* HOW TO COMPLETE THIS TASK *
The lines needed are those below that contain the word "with"; copy each one.

Items from a data source:

*****

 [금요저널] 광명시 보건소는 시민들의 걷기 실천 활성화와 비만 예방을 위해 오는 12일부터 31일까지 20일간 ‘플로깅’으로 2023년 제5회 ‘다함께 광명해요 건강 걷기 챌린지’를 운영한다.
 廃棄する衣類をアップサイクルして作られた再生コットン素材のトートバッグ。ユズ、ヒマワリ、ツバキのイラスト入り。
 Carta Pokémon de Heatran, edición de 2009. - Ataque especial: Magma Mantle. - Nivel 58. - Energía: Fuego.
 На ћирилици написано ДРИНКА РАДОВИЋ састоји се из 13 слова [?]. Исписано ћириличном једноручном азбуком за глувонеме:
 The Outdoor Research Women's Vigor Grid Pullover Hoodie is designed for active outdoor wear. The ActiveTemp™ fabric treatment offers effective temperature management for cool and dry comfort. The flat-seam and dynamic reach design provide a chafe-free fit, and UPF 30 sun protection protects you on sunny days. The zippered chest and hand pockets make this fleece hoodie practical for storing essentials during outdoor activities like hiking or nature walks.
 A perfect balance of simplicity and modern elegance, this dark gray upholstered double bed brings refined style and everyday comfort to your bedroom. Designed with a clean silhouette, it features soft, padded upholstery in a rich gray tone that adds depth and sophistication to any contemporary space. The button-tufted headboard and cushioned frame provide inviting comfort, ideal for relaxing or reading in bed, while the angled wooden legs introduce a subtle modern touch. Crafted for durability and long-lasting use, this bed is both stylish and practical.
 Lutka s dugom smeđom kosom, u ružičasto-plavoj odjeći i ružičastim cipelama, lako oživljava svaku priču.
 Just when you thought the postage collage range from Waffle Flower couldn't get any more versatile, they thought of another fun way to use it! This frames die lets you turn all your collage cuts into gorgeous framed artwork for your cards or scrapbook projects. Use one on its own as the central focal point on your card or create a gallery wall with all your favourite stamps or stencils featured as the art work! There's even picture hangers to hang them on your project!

*****

* ANSWER FOR THIS EXERCISE *
 A perfect balance of simplicity and modern elegance, this dark gray upholstered double bed brings refined style and everyday comfort to your bedroom. Designed with a clean silhouette, it features soft, padded upholstery in a rich gray tone that adds depth and sophistication to any contemporary space. The button-tufted headboard and cushioned frame provide inviting comfort, ideal for relaxing or reading in bed, while the angled wooden legs introduce a subtle modern touch. Crafted for durability and long-lasting use, this bed is both stylish and practical.
 Just when you thought the postage collage range from Waffle Flower couldn't get any more versatile, they thought of another fun way to use it! This frames die lets you turn all your collage cuts into gorgeous framed artwork for your cards or scrapbook projects. Use one on its own as the central focal point on your card or create a gallery wall with all your favourite stamps or stencils featured as the art work! There's even picture hangers to hang them on your project!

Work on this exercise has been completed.